Flows: ONEOK flows are down 4% so far in 3Q25 from 3Q24, a result of reduced rigs in 1H25 in the Permian.
Calendar: PAA, SMC, PBA, TRP models to be updated this week. ENB, EPD, GEL, DTM, AM report this week.
Market Movers:
The volumetric picture for companies that process rich gas is becoming clearer for 2Q25. Total Lower 48 sample volumes rose 1.4% Q-o-Q from 1Q25, according to East Daley’s Energy Data Studio, signaling a recovery from the weather-related downturn earlier this year (see table below).
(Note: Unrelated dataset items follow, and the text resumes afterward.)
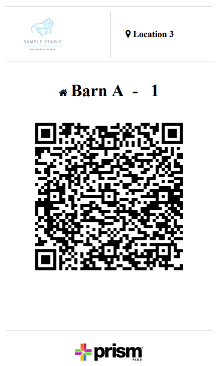 For each Barn (or Paddock) and each Box in a Barn, you can click on the eye icon to view and print an A4 card, complete with QR Code ready to scan via the Prism PLUS apps.
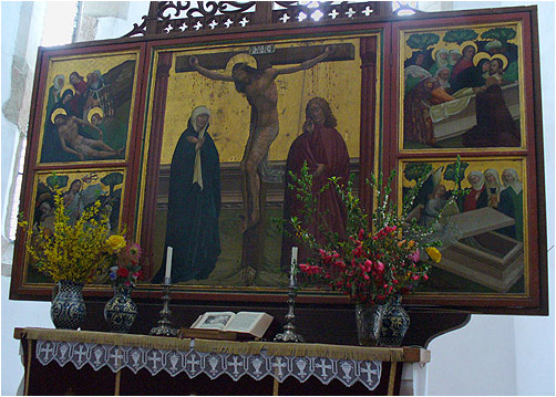 The church was restored in the 1960s, and at that time the Gothic winged altar was brought back here from the Burzenland Museum. It shows scenes of the crucifixion, burial and resurrection of Christ.
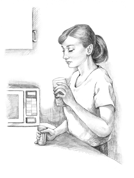 Drawing of a woman taking medication.
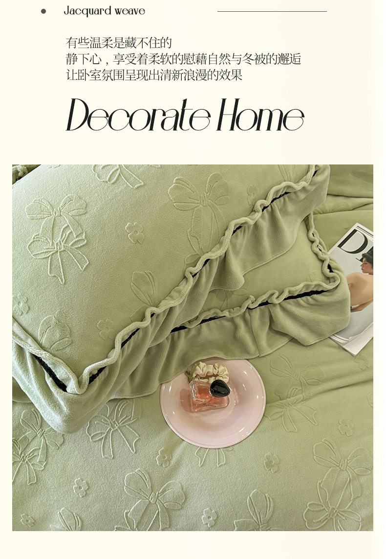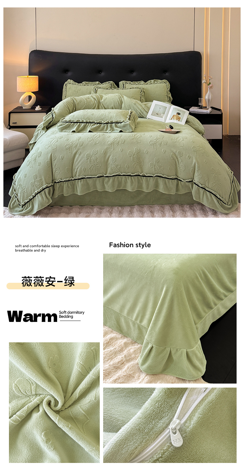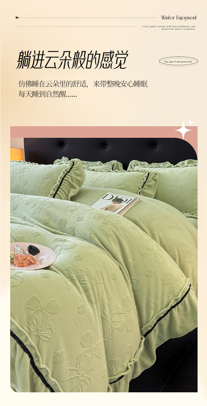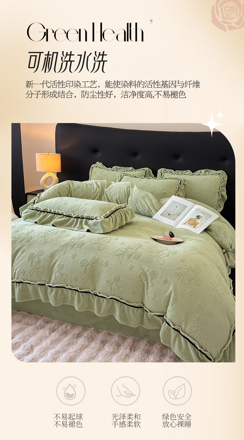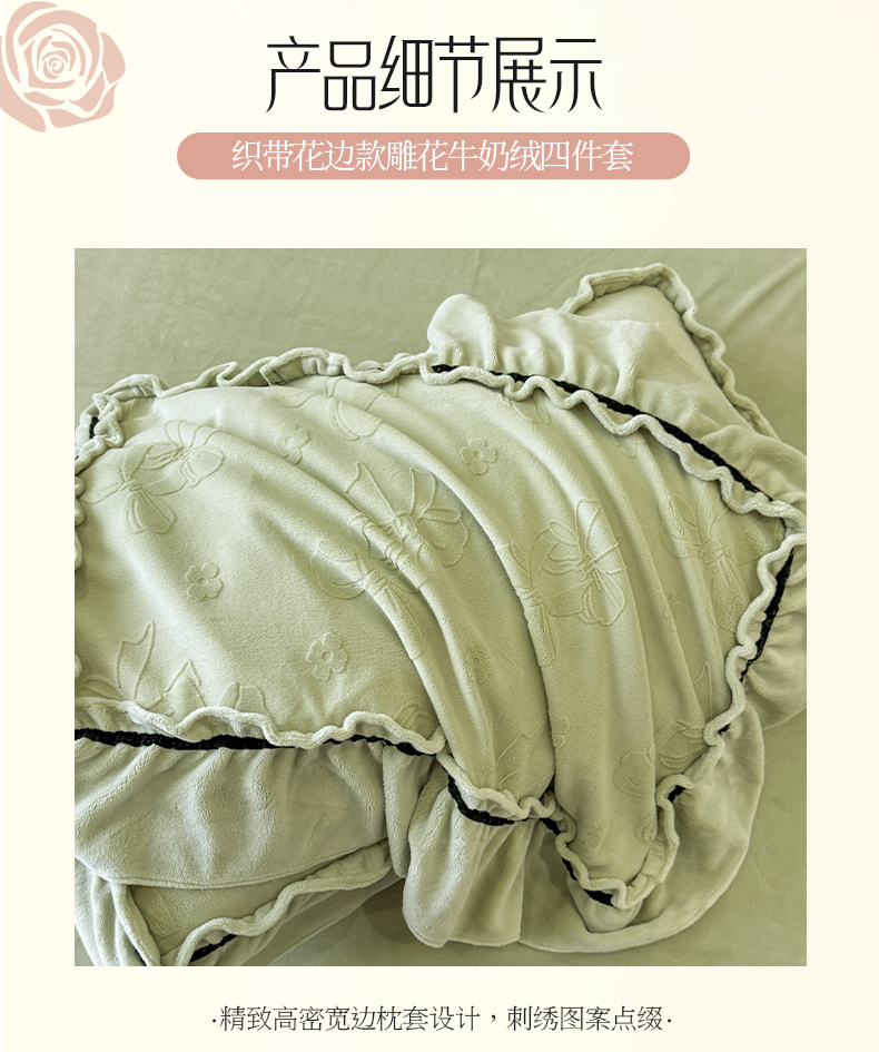 商品名称:绘萱家居 2025新款新品爆款高密消光织带花边款雕花牛奶绒四件套 薇薇安-绿
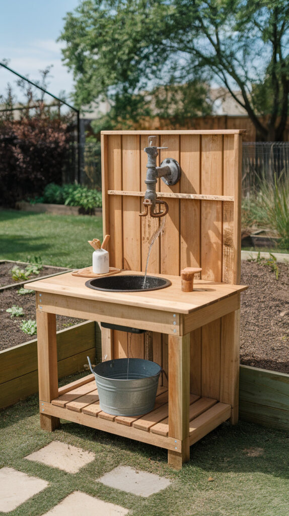 Buckets get the job done, but a simple hand pump adds excitement. It gives kids a more realistic cooking experience. Plus, it controls water flow better than constant hose use.
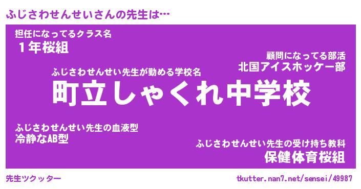 | 伝説のあだ名 | 『封印されしスナイパーふじさわせんせい』 |

- Bakken: Rebounding After a Weather-Driven Dip. Plant volumes in the Bakken rose 1%, recovering from 1Q disruptions. ONEOK (OKE) saw a standout 6.1% Q-o-Q increase in the region, driven by growth from Continental Resources and ConocoPhillips (COP).
- Delaware: PSX, TRGP Surge. Phillips 66 (PSX) reported strong earnings on Friday supported by 4% volume growth in the Delaware Basin, with Devon Energy (DVN) the leading contributor (refer to gray line in graph below).
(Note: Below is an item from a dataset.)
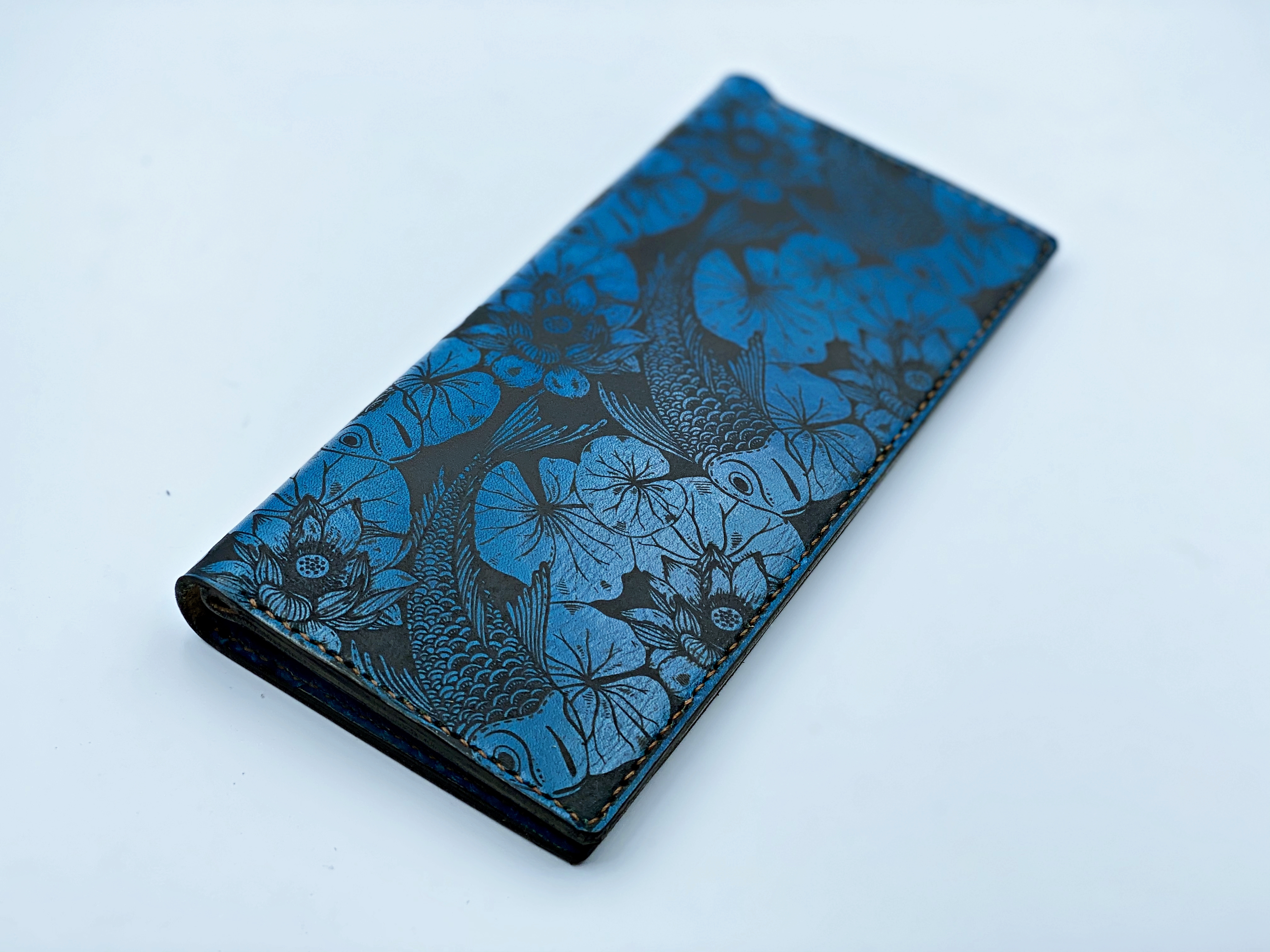 ✨Ví nữ cầm tay da bò handmade họa tiết cá Koi

Similarly, Targa Resources’ (TRGP) Delaware volumes are up more than 5% 1Q25 to 2Q25. Based on nearly completed plant reporting in Energy Data Studio, TRGP’s Delaware volumes are up because TRGP’s Bull Moose plant became operational in 2Q25. We expect TRGP management to emphasize producer-led growth in 2H25, supported by the 0.5 Bcf/d compression expansion on Matterhorn Express, scheduled to enter service in 4Q25.
Eagle Ford: A Tale of Two Midstreams. Data for the Eagle Ford is currently limited to May 2025. Still, early indicators show TRGP and Enterprise Products (EPD) is seeing strong momentum from its Eagle Ford G&P systems, while Western Midstream (WES) may show a dip in volumes, which will likely be embedded in its “Other” category.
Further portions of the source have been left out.